- WHAT TO WORK ON: Scan the records below for the line with "The 93rd Academy" and the line with "- Небольшая круглосуточная", and retype that range exactly, both ends included, pictures excepted.

- RECORDS FOR THIS EXERCISE:

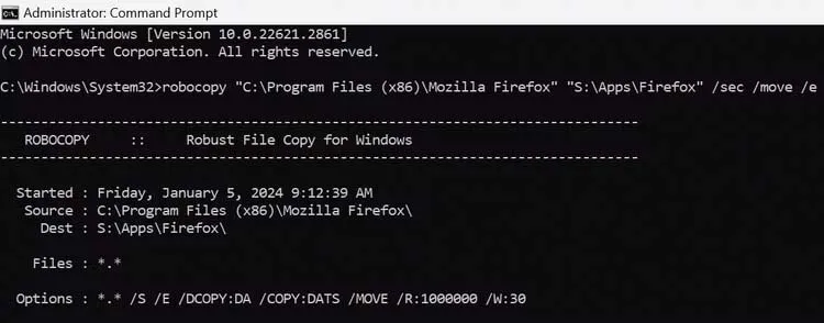 بعد از انجام این کار، باید Enter بزنید و به همین سادگی، برنامه موردنظر به مقصد جدید منتقل میشود. به عنوان مثال برای آدرسهایی که به عنوان نمونه نوشتیم، باید چنین دستوری بنویسید.
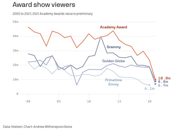 The 93rd Academy Awards was the least watched in history with an audience of ~10.4MM, a 58% drop from the 2020 Oscars ceremony (Deadline)
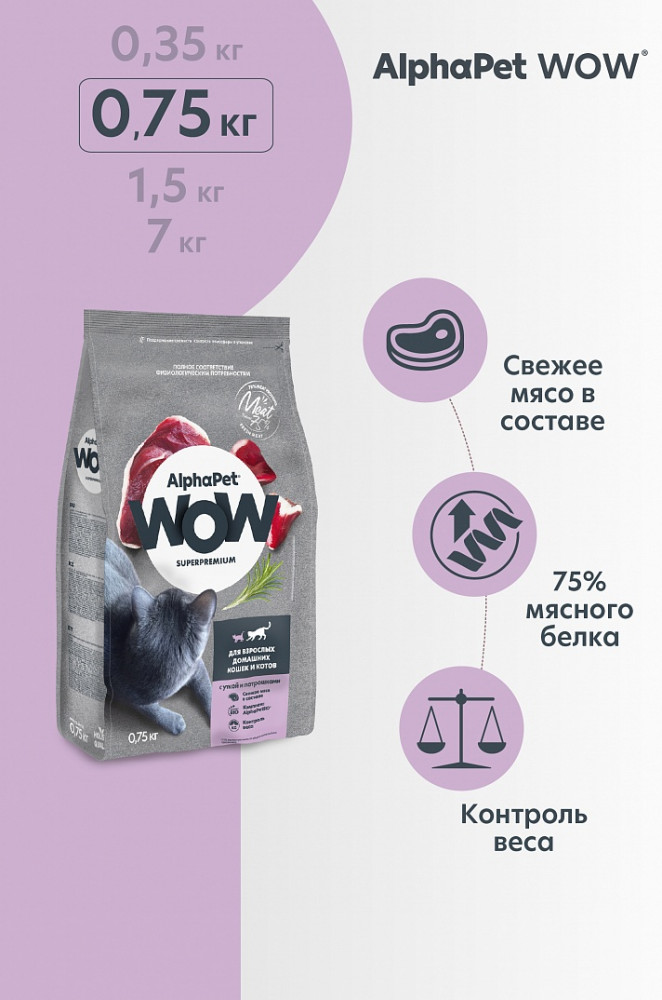 AlphaPet Корм для взрослых домашних кошек и котов с уткой и потрошками
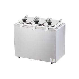 This insulated bar combo includes (3) shallow plastic jars 82558, stainless steel hinged lids 82545 and 1 oz (30 mL) ladles 82562. The brushed finish base reduces the visibility of fingerprints and may be cooled with (2) Eutectic Ice Packs or ice. Ice packs are sold separately. When you place your order, be sure to request colored knobs engraved with your contents for a clean presentation. Black knobs are standard.
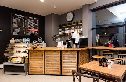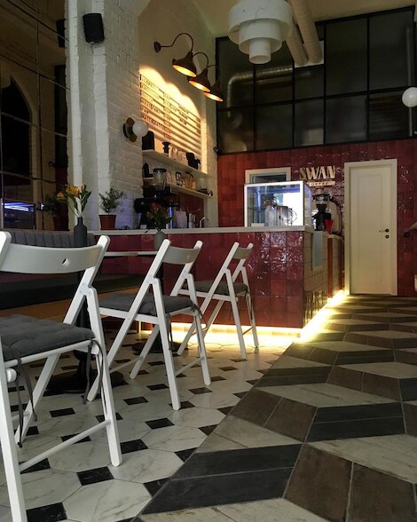 - Небольшая круглосуточная кофейня в историческом памятнике напротив метро «Василеостровская»
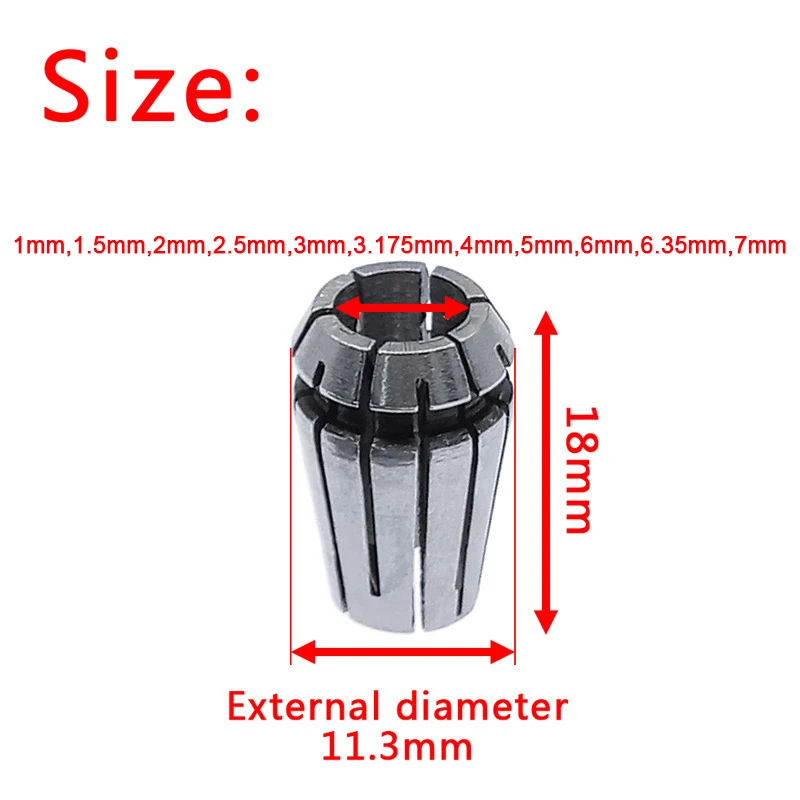 ER11 collet set (1mm/1.5mm/2mm/2.5mm/3mm/3.175mm/4mm/5mm/6mm/6.35mm/7mm)
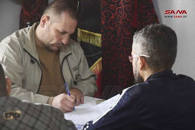 Dans une déclaration qu’il a donnée au correspondant de SANA, un membre du Bureau exécutif du Conseil du Gouvernorat d’Alep, Kumait al-Cheikh, a indiqué que le centre Hayyan avait connu un grand afflux de la pat de ceux voulant régulariser leur situation en raison de sa localisation géographique importante qui relie les zones d’Izaz, Afrin et Samaan dans la banlieue nord du gouvernorat.

- ANSWER BELOW:
 The 93rd Academy Awards was the least watched in history with an audience of ~10.4MM, a 58% drop from the 2020 Oscars ceremony (Deadline)
 AlphaPet Корм для взрослых домашних кошек и котов с уткой и потрошками
 This insulated bar combo includes (3) shallow plastic jars 82558, stainless steel hinged lids 82545 and 1 oz (30 mL) ladles 82562. The brushed finish base reduces the visibility of fingerprints and may be cooled with (2) Eutectic Ice Packs or ice. Ice packs are sold separately. When you place your order, be sure to request colored knobs engraved with your contents for a clean presentation. Black knobs are standard.
 - Небольшая круглосуточная кофейня в историческом памятнике напротив метро «Василеостровская»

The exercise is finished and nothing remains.